Given data:
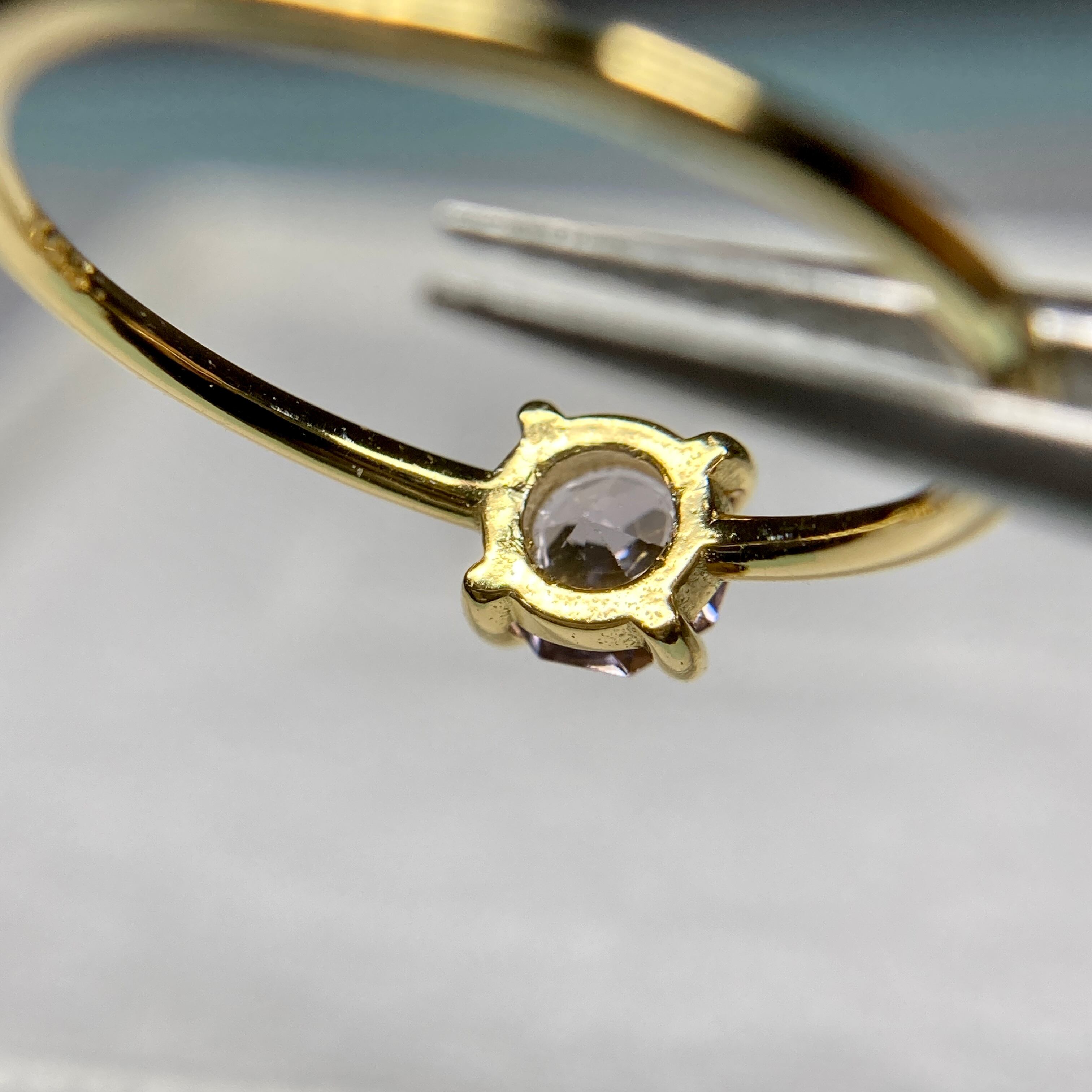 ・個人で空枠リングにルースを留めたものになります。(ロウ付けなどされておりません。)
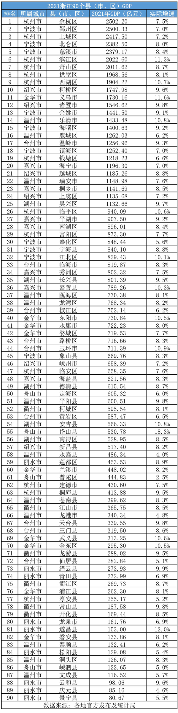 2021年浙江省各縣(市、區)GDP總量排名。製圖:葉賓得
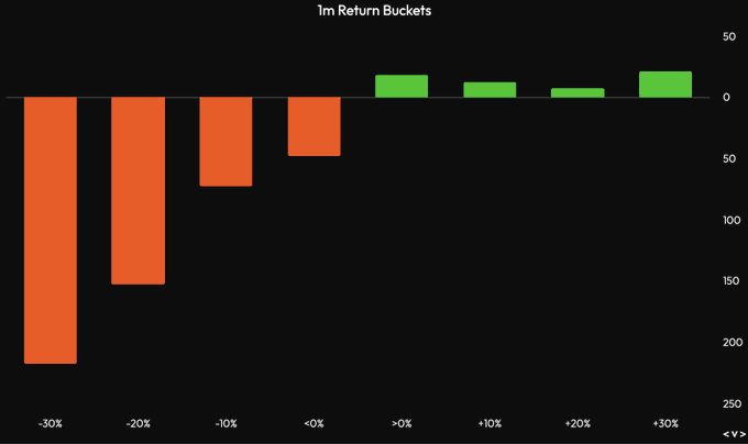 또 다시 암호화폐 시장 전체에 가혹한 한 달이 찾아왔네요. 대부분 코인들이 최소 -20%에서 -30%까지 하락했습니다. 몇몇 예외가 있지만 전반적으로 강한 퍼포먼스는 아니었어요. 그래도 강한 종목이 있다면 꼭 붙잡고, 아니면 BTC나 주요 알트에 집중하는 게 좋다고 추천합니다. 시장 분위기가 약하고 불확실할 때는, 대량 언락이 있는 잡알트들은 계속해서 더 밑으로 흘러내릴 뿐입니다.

About this task:
Pictures aside, reproduce the listing above exactly.

Answer box:
 ・個人で空枠リングにルースを留めたものになります。(ロウ付けなどされておりません。)
 2021年浙江省各縣(市、區)GDP總量排名。製圖:葉賓得
 또 다시 암호화폐 시장 전체에 가혹한 한 달이 찾아왔네요. 대부분 코인들이 최소 -20%에서 -30%까지 하락했습니다. 몇몇 예외가 있지만 전반적으로 강한 퍼포먼스는 아니었어요. 그래도 강한 종목이 있다면 꼭 붙잡고, 아니면 BTC나 주요 알트에 집중하는 게 좋다고 추천합니다. 시장 분위기가 약하고 불확실할 때는, 대량 언락이 있는 잡알트들은 계속해서 더 밑으로 흘러내릴 뿐입니다.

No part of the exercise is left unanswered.